Modules are an important and powerful part of the Perl programming language. A module is a named container for a group of variables and subroutines which can be loaded into your program. By naming this collection of behaviors and storing it outside of the main program, you are able to refer back to them from multiple programs and solve problems in manageable chunks.

Modular programs are more easily tested and maintained because you avoid repeating code, so you only have to change it in one place. Perl modules may also contain documentation, so they can be used by multiple programmers without each programmer needing to read all of the code. Modules are the foundation of the CPAN, which contains thousands of ready-to-use modules, many of which you will likely use on a regular basis.

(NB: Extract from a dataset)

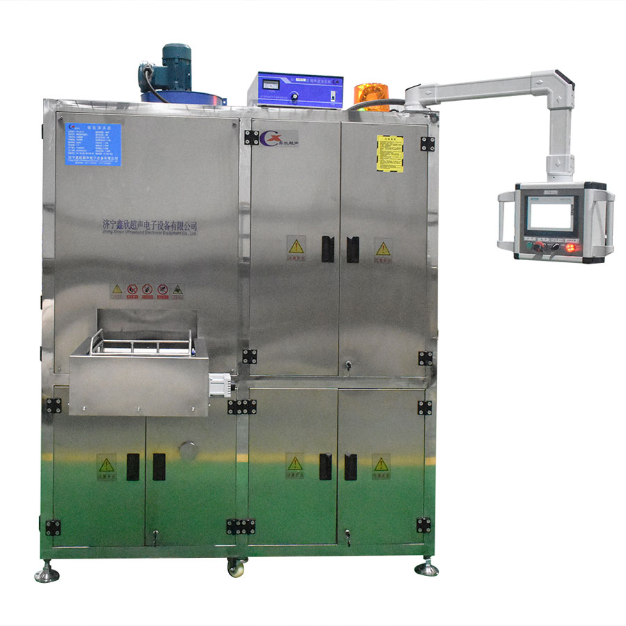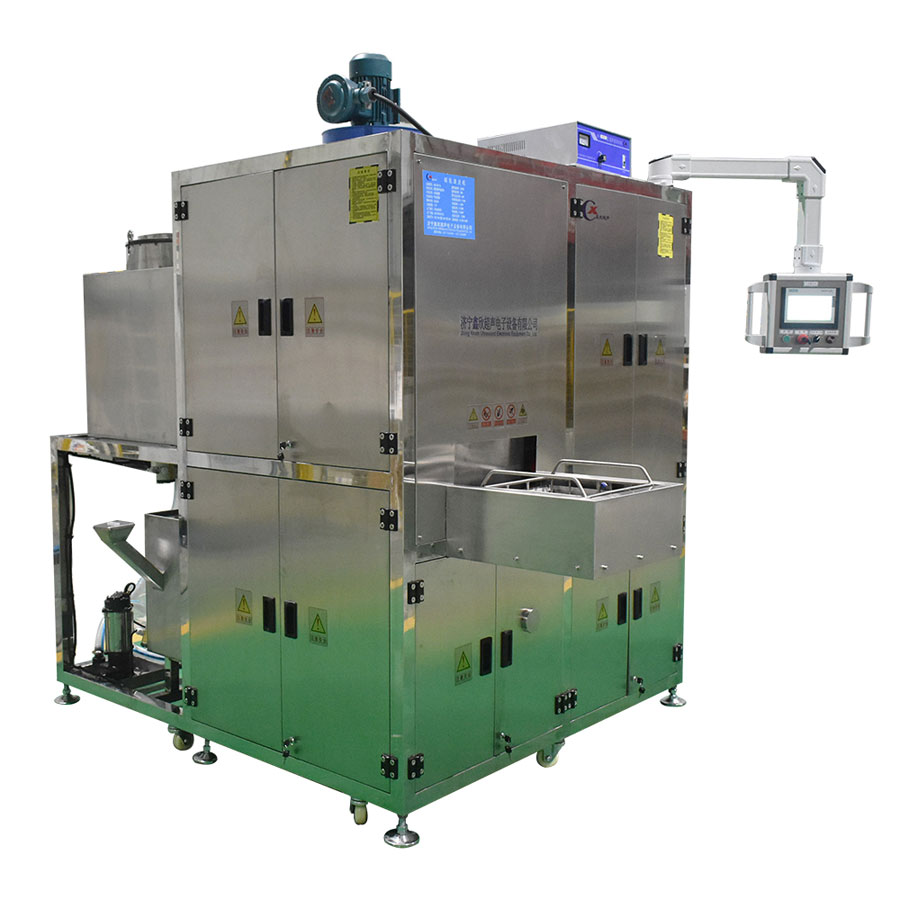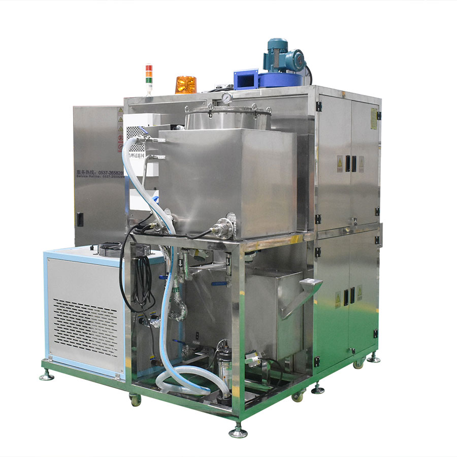 該設備為高潔凈度清洗機,采用碳氫超聲波清洗工藝。該設備由超聲波清洗槽、蒸汽浴洗槽、清洗網框、清洗槽冷凝區、分水器、工業冷水機、溶劑回收機、管路系統、智能控制系統等組成

Exploring Existing Modules

Before you begin writing your own modules, you need to know how to use modules and how perl finds modules to load. The Perl core distribution comes with many useful modules, so we'll take one called Digest::MD5 as an example and see how to use it.

Using your terminal, run the command `perldoc Digest::MD5`. You should see something like the picture. What you see there is the documentation for the Digest::MD5 module. Notice the example:

  use Digest::MD5 'md5_hex';
  ...
  $digest = md5_hex($data);

About the MD5 Digest

The MD5 algorithm is a cryptographic hash function, meaning that it reliably generates a fixed-length "fingerprint" given arbitrarily large data as input. Further, the fingerprint cannot easily be generated from some other input, which makes this fingerprint very useful in login systems. When you implement a login system (such as a user on a website or a multi-user computer), you want the user to know their password, but it's best if that password isn't left lying around somewhere on the computer where others might find it. A cryptographic hash like the MD5 digest is a way to verify that the user's password is correct without storing it. You store a digest of Jim's password. When Jim tries to login, compare a digest of the password he types to the one you have stored. Because the digest is irreversible, anyone who gets access to your password file or database will not be able to simply login as Jim.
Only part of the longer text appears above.